== Exercise brief ==
The entries below should be set down again exactly, with every picture left out.

[Data records]
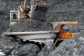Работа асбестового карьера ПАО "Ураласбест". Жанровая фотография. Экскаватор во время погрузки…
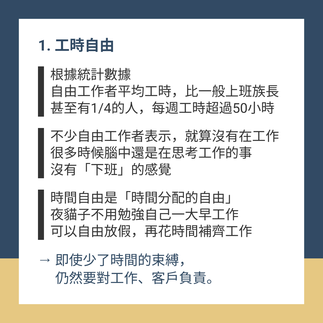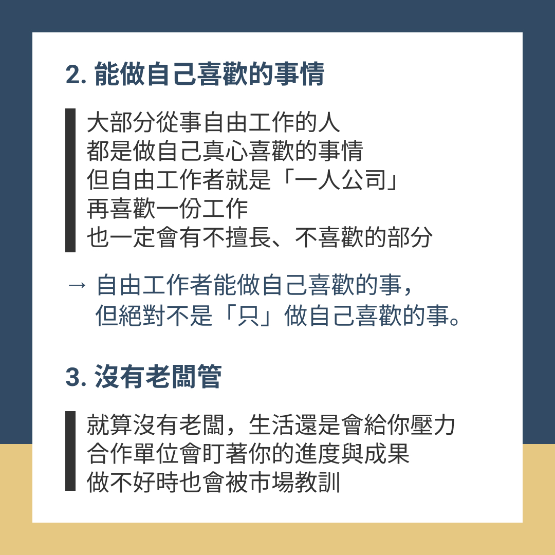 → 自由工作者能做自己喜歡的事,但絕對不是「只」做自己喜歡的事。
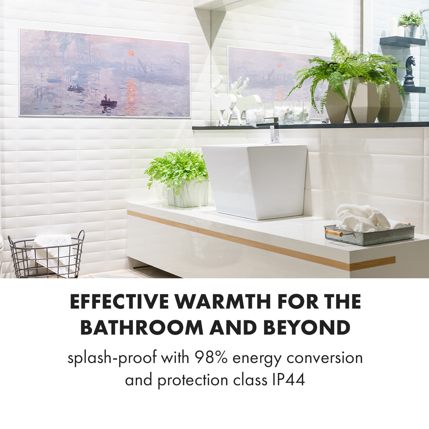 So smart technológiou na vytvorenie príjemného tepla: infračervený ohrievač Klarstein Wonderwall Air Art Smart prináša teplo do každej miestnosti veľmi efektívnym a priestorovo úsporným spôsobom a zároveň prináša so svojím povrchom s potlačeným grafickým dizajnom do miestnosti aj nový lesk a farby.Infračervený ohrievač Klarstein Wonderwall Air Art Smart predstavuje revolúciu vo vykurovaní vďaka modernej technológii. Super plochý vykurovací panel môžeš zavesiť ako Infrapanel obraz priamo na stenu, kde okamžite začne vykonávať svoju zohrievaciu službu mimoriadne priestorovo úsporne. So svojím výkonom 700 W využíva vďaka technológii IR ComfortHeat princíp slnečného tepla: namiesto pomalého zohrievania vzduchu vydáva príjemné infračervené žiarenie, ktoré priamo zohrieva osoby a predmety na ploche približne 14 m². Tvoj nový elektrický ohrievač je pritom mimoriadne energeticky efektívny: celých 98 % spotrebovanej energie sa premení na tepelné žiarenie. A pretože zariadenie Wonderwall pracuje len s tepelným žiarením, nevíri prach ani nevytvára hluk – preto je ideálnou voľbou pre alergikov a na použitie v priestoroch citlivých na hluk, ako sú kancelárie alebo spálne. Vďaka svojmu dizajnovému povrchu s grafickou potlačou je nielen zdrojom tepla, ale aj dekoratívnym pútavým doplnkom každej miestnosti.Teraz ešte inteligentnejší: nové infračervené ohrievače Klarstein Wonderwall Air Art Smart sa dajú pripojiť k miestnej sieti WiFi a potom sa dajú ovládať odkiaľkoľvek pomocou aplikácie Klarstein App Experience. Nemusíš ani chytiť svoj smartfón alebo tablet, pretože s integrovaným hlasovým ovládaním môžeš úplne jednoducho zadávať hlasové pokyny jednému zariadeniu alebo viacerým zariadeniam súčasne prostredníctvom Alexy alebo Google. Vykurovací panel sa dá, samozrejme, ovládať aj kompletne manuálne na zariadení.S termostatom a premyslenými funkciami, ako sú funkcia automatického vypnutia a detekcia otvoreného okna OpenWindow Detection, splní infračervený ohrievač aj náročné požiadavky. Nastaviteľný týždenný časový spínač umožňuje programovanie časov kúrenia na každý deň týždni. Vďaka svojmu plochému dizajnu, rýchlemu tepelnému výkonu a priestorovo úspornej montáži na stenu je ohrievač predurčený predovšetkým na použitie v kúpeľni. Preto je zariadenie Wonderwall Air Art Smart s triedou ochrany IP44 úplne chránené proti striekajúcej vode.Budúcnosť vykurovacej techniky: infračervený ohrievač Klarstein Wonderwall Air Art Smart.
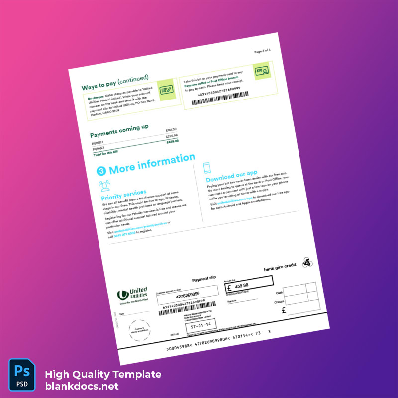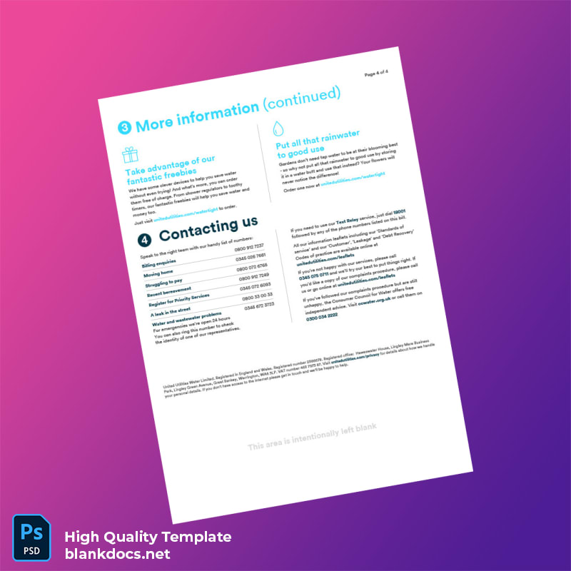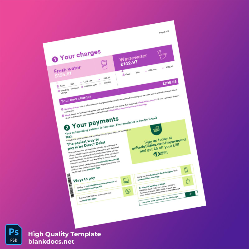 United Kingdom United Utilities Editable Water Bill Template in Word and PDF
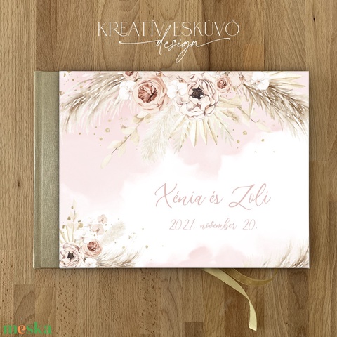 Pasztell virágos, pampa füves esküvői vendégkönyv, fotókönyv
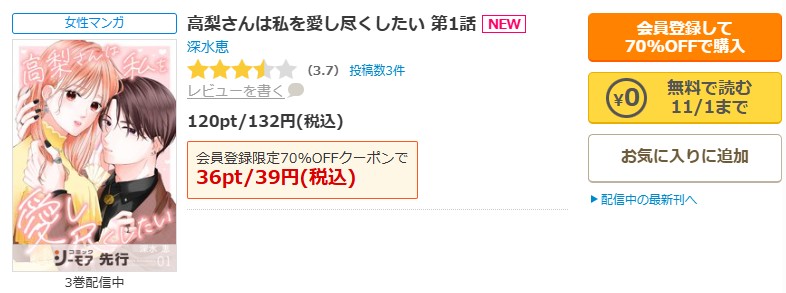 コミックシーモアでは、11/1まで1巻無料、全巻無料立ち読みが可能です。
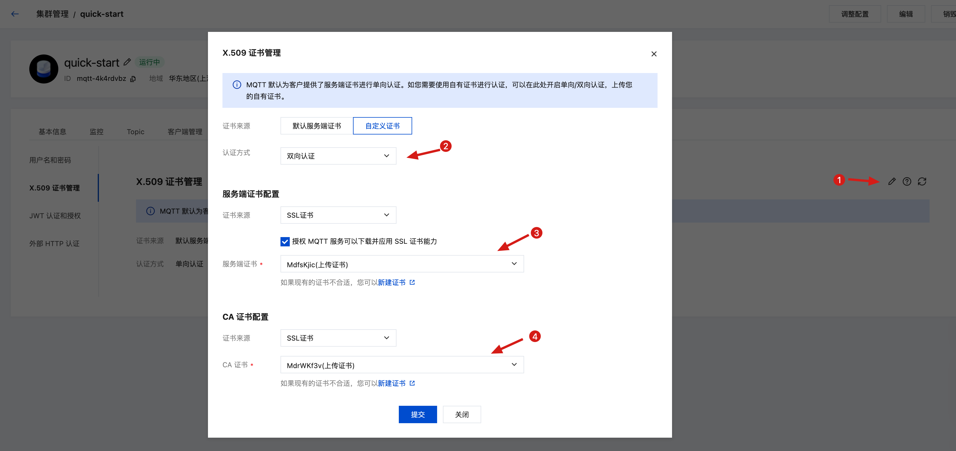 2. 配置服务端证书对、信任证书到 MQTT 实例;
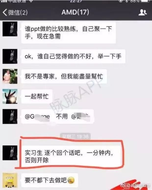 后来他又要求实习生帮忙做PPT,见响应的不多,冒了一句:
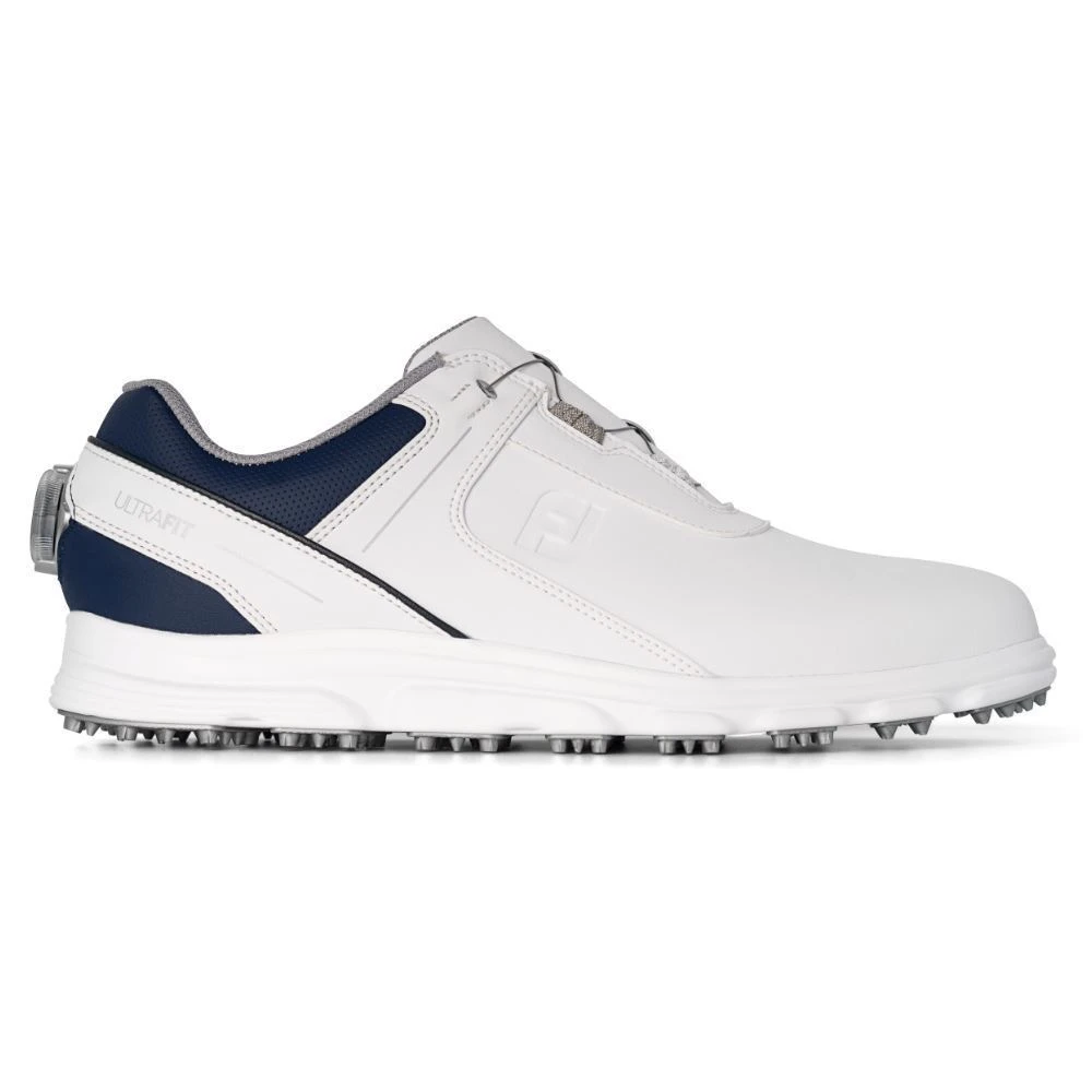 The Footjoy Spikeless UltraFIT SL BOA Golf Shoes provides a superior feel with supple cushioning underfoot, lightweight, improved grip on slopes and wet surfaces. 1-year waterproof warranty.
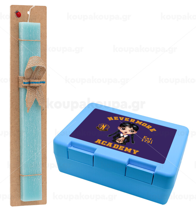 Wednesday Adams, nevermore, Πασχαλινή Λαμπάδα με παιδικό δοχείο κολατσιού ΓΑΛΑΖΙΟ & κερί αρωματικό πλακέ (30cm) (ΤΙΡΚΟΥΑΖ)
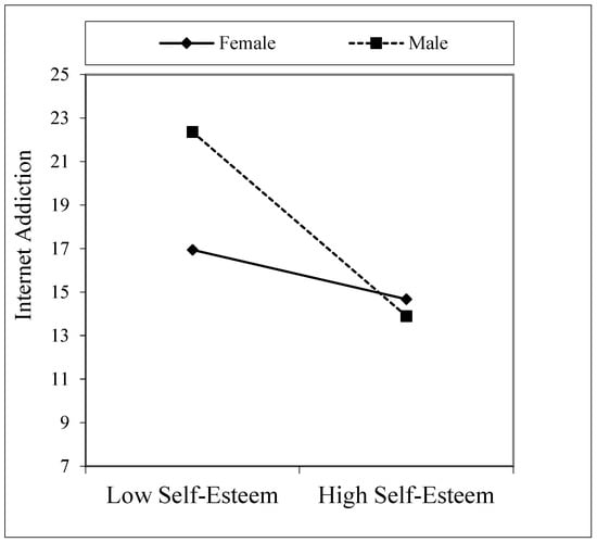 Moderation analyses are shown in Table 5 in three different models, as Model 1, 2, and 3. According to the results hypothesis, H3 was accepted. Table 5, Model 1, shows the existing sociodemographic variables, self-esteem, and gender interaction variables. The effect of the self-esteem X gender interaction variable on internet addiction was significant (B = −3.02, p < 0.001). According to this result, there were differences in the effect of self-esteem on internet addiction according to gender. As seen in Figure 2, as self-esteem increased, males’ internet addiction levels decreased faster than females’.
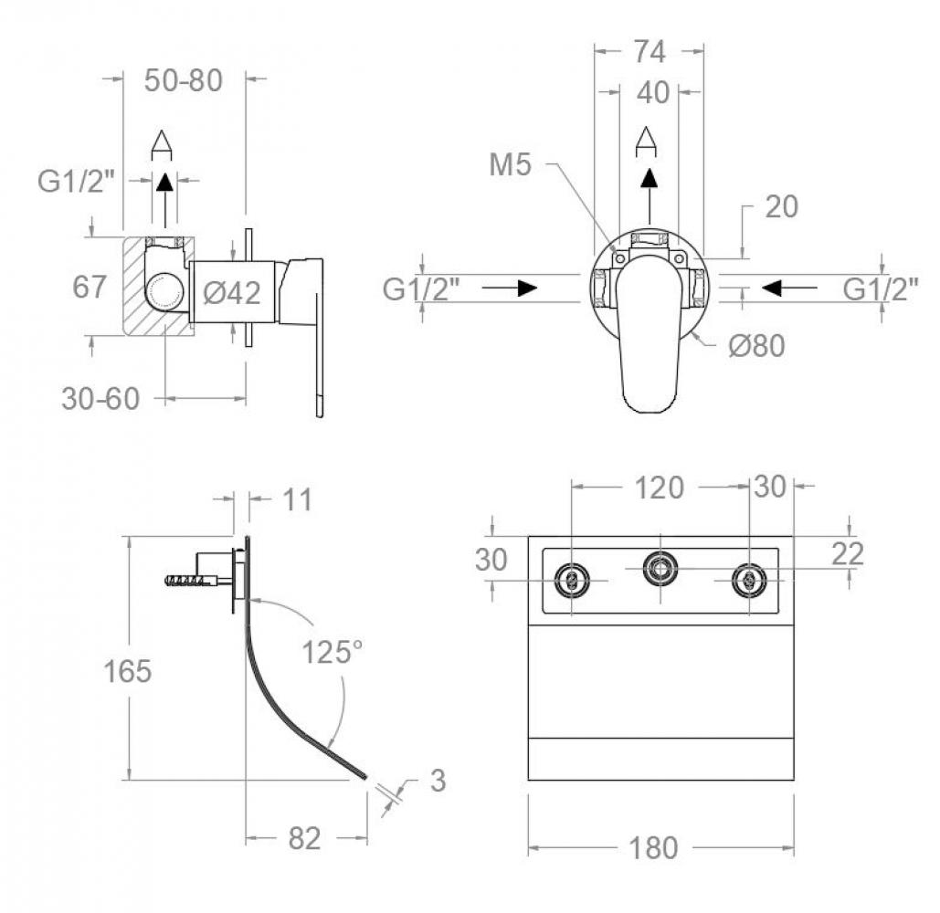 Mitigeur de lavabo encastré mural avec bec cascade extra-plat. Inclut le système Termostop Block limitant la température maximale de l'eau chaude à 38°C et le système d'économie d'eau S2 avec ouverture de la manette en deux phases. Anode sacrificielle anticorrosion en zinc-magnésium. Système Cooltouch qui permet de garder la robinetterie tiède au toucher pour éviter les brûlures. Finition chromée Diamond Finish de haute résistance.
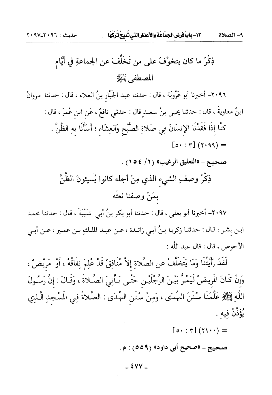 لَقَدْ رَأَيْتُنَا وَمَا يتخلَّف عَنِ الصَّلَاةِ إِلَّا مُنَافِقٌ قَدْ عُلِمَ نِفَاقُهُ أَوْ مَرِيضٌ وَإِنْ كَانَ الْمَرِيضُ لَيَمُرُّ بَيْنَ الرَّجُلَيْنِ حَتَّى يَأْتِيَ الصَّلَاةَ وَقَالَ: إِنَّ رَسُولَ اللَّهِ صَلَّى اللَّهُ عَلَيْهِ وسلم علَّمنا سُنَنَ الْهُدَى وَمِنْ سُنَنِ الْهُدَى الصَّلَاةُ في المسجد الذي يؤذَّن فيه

== Worked solution ==
Работа асбестового карьера ПАО "Ураласбест". Жанровая фотография. Экскаватор во время погрузки…
 → 自由工作者能做自己喜歡的事,但絕對不是「只」做自己喜歡的事。
 So smart technológiou na vytvorenie príjemného tepla: infračervený ohrievač Klarstein Wonderwall Air Art Smart prináša teplo do každej miestnosti veľmi efektívnym a priestorovo úsporným spôsobom a zároveň prináša so svojím povrchom s potlačeným grafickým dizajnom do miestnosti aj nový lesk a farby.Infračervený ohrievač Klarstein Wonderwall Air Art Smart predstavuje revolúciu vo vykurovaní vďaka modernej technológii. Super plochý vykurovací panel môžeš zavesiť ako Infrapanel obraz priamo na stenu, kde okamžite začne vykonávať svoju zohrievaciu službu mimoriadne priestorovo úsporne. So svojím výkonom 700 W využíva vďaka technológii IR ComfortHeat princíp slnečného tepla: namiesto pomalého zohrievania vzduchu vydáva príjemné infračervené žiarenie, ktoré priamo zohrieva osoby a predmety na ploche približne 14 m². Tvoj nový elektrický ohrievač je pritom mimoriadne energeticky efektívny: celých 98 % spotrebovanej energie sa premení na tepelné žiarenie. A pretože zariadenie Wonderwall pracuje len s tepelným žiarením, nevíri prach ani nevytvára hluk – preto je ideálnou voľbou pre alergikov a na použitie v priestoroch citlivých na hluk, ako sú kancelárie alebo spálne. Vďaka svojmu dizajnovému povrchu s grafickou potlačou je nielen zdrojom tepla, ale aj dekoratívnym pútavým doplnkom každej miestnosti.Teraz ešte inteligentnejší: nové infračervené ohrievače Klarstein Wonderwall Air Art Smart sa dajú pripojiť k miestnej sieti WiFi a potom sa dajú ovládať odkiaľkoľvek pomocou aplikácie Klarstein App Experience. Nemusíš ani chytiť svoj smartfón alebo tablet, pretože s integrovaným hlasovým ovládaním môžeš úplne jednoducho zadávať hlasové pokyny jednému zariadeniu alebo viacerým zariadeniam súčasne prostredníctvom Alexy alebo Google. Vykurovací panel sa dá, samozrejme, ovládať aj kompletne manuálne na zariadení.S termostatom a premyslenými funkciami, ako sú funkcia automatického vypnutia a detekcia otvoreného okna OpenWindow Detection, splní infračervený ohrievač aj náročné požiadavky. Nastaviteľný týždenný časový spínač umožňuje programovanie časov kúrenia na každý deň týždni. Vďaka svojmu plochému dizajnu, rýchlemu tepelnému výkonu a priestorovo úspornej montáži na stenu je ohrievač predurčený predovšetkým na použitie v kúpeľni. Preto je zariadenie Wonderwall Air Art Smart s triedou ochrany IP44 úplne chránené proti striekajúcej vode.Budúcnosť vykurovacej techniky: infračervený ohrievač Klarstein Wonderwall Air Art Smart.
 United Kingdom United Utilities Editable Water Bill Template in Word and PDF
 Pasztell virágos, pampa füves esküvői vendégkönyv, fotókönyv
 コミックシーモアでは、11/1まで1巻無料、全巻無料立ち読みが可能です。
 2. 配置服务端证书对、信任证书到 MQTT 实例;
 后来他又要求实习生帮忙做PPT,见响应的不多,冒了一句:
 The Footjoy Spikeless UltraFIT SL BOA Golf Shoes provides a superior feel with supple cushioning underfoot, lightweight, improved grip on slopes and wet surfaces. 1-year waterproof warranty.
 Wednesday Adams, nevermore, Πασχαλινή Λαμπάδα με παιδικό δοχείο κολατσιού ΓΑΛΑΖΙΟ & κερί αρωματικό πλακέ (30cm) (ΤΙΡΚΟΥΑΖ)
 Moderation analyses are shown in Table 5 in three different models, as Model 1, 2, and 3. According to the results hypothesis, H3 was accepted. Table 5, Model 1, shows the existing sociodemographic variables, self-esteem, and gender interaction variables. The effect of the self-esteem X gender interaction variable on internet addiction was significant (B = −3.02, p < 0.001). According to this result, there were differences in the effect of self-esteem on internet addiction according to gender. As seen in Figure 2, as self-esteem increased, males’ internet addiction levels decreased faster than females’.
 Mitigeur de lavabo encastré mural avec bec cascade extra-plat. Inclut le système Termostop Block limitant la température maximale de l'eau chaude à 38°C et le système d'économie d'eau S2 avec ouverture de la manette en deux phases. Anode sacrificielle anticorrosion en zinc-magnésium. Système Cooltouch qui permet de garder la robinetterie tiède au toucher pour éviter les brûlures. Finition chromée Diamond Finish de haute résistance.
 لَقَدْ رَأَيْتُنَا وَمَا يتخلَّف عَنِ الصَّلَاةِ إِلَّا مُنَافِقٌ قَدْ عُلِمَ نِفَاقُهُ أَوْ مَرِيضٌ وَإِنْ كَانَ الْمَرِيضُ لَيَمُرُّ بَيْنَ الرَّجُلَيْنِ حَتَّى يَأْتِيَ الصَّلَاةَ وَقَالَ: إِنَّ رَسُولَ اللَّهِ صَلَّى اللَّهُ عَلَيْهِ وسلم علَّمنا سُنَنَ الْهُدَى وَمِنْ سُنَنِ الْهُدَى الصَّلَاةُ في المسجد الذي يؤذَّن فيه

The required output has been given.